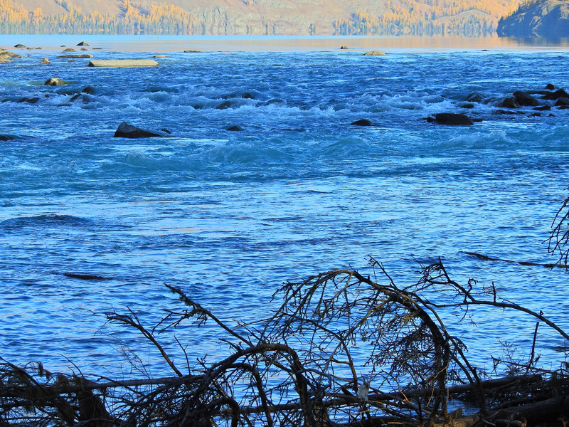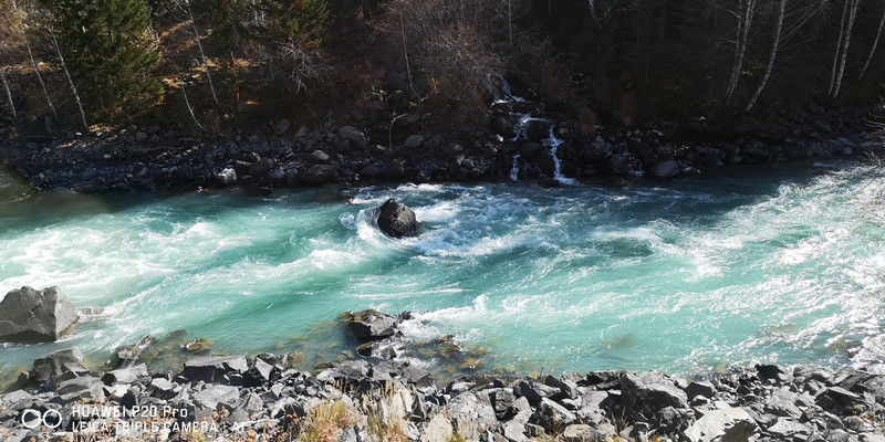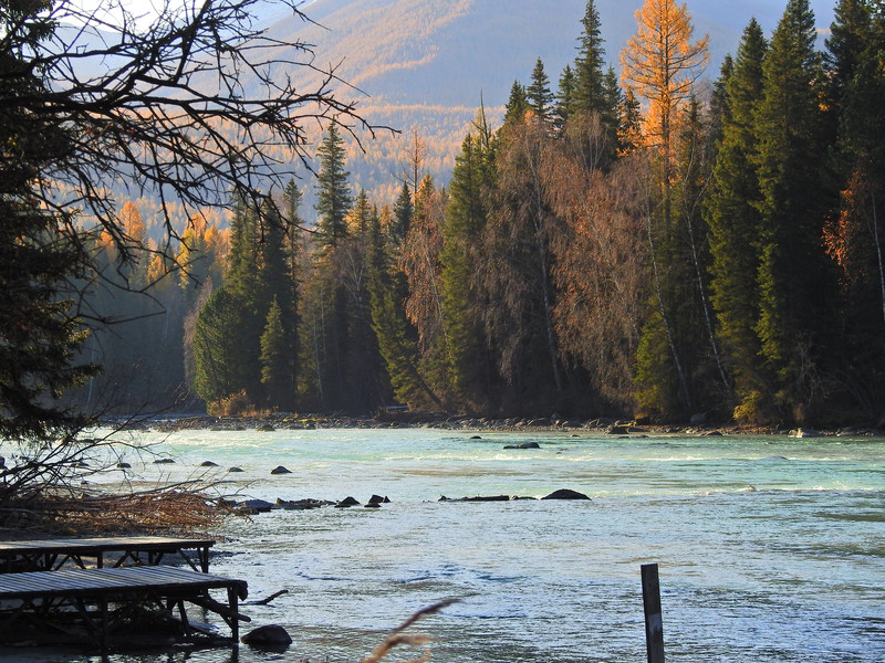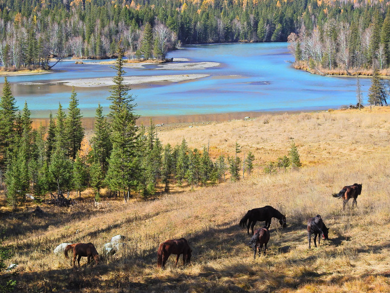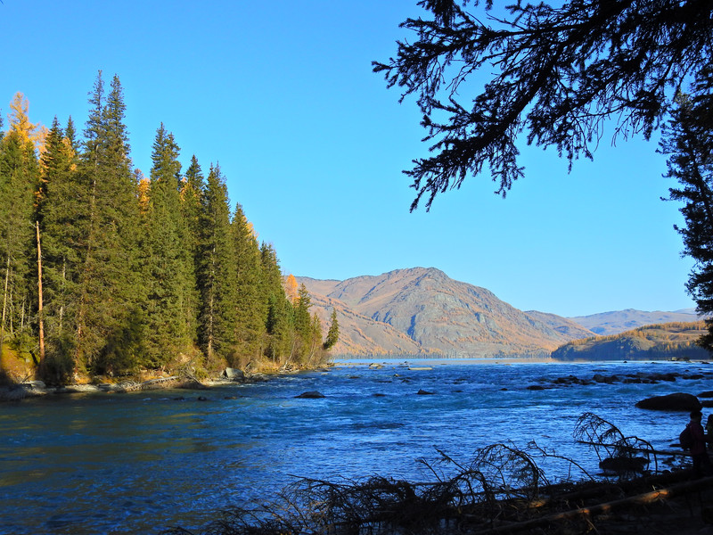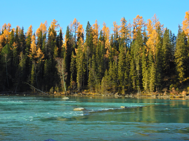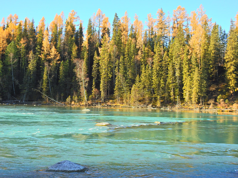 在喀纳斯河旁行走,可以看到河水不同的色彩
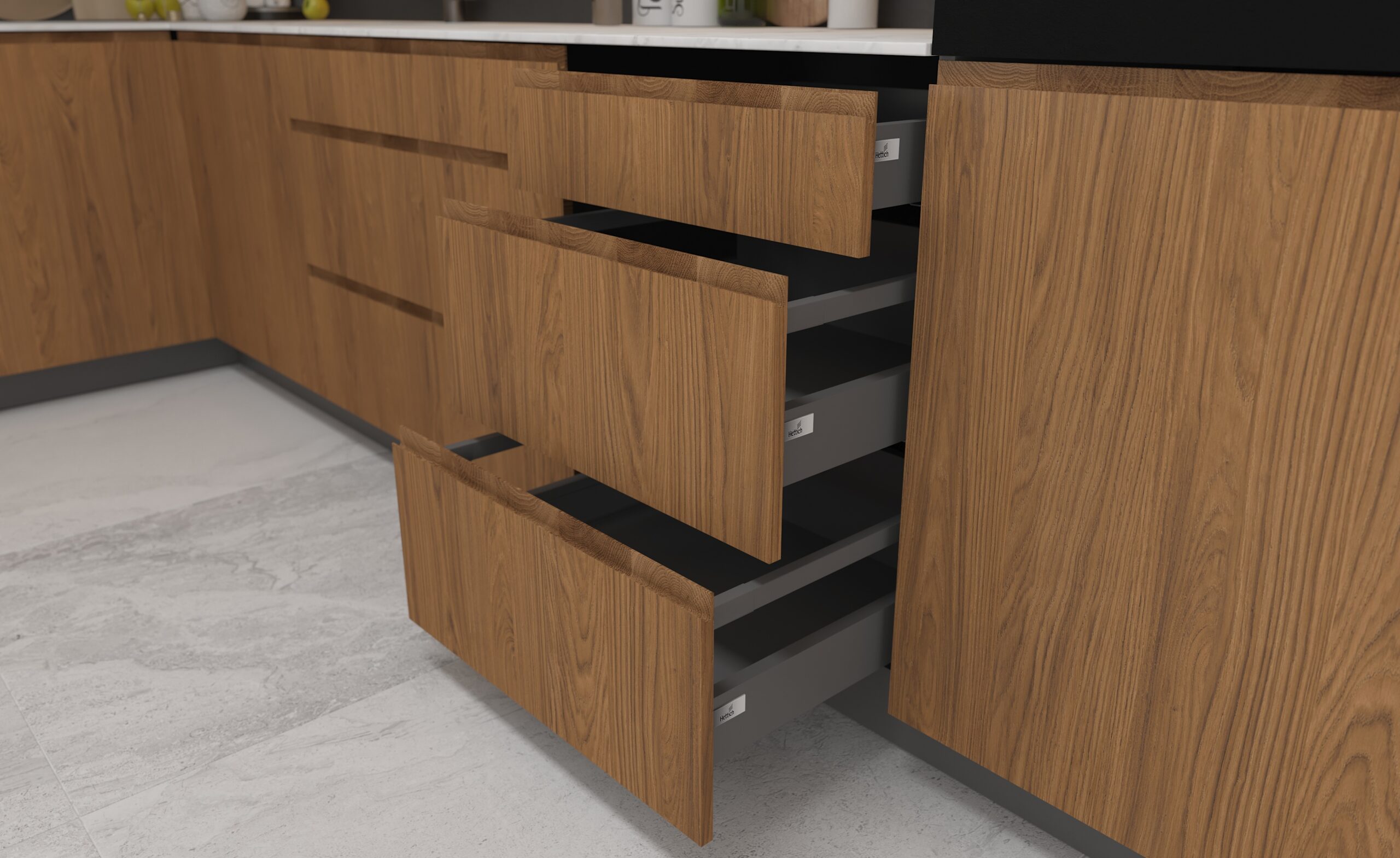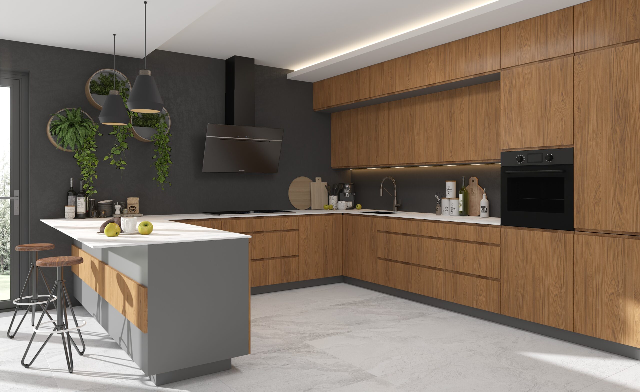 Dzięki zastosowaniu nowoczesnej technologii udało się uzyskać efekt naturalnych słojów i realistycznej faktury drewna, co nadaje frontom autentyczny, ciepły wygląd, idealnie wpisujący się w aktualne trendy wnętrzarskie.
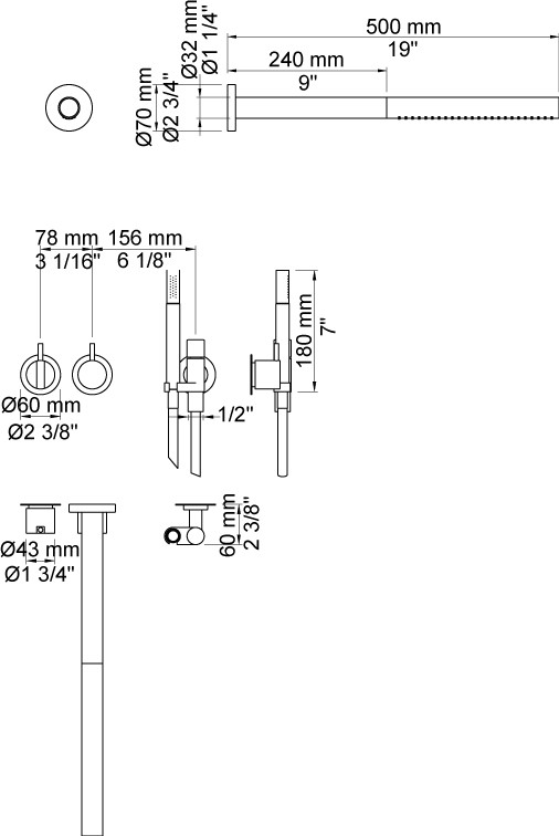Vola Et-grebsblander for stor vandmængde med keramisk ventilenhed og omskifter samt løs afgangsmuffer. T2 Håndbruser med metalslange og holder hovedbruser Rosetter Krom 16 ½''RG/PEX

» WHAT THE TASK REQUIRES:
From the material above, reproduce everything verbatim except the pictures.

» RESPONSE BELOW:
 在喀纳斯河旁行走,可以看到河水不同的色彩
 Dzięki zastosowaniu nowoczesnej technologii udało się uzyskać efekt naturalnych słojów i realistycznej faktury drewna, co nadaje frontom autentyczny, ciepły wygląd, idealnie wpisujący się w aktualne trendy wnętrzarskie.
Vola Et-grebsblander for stor vandmængde med keramisk ventilenhed og omskifter samt løs afgangsmuffer. T2 Håndbruser med metalslange og holder hovedbruser Rosetter Krom 16 ½''RG/PEX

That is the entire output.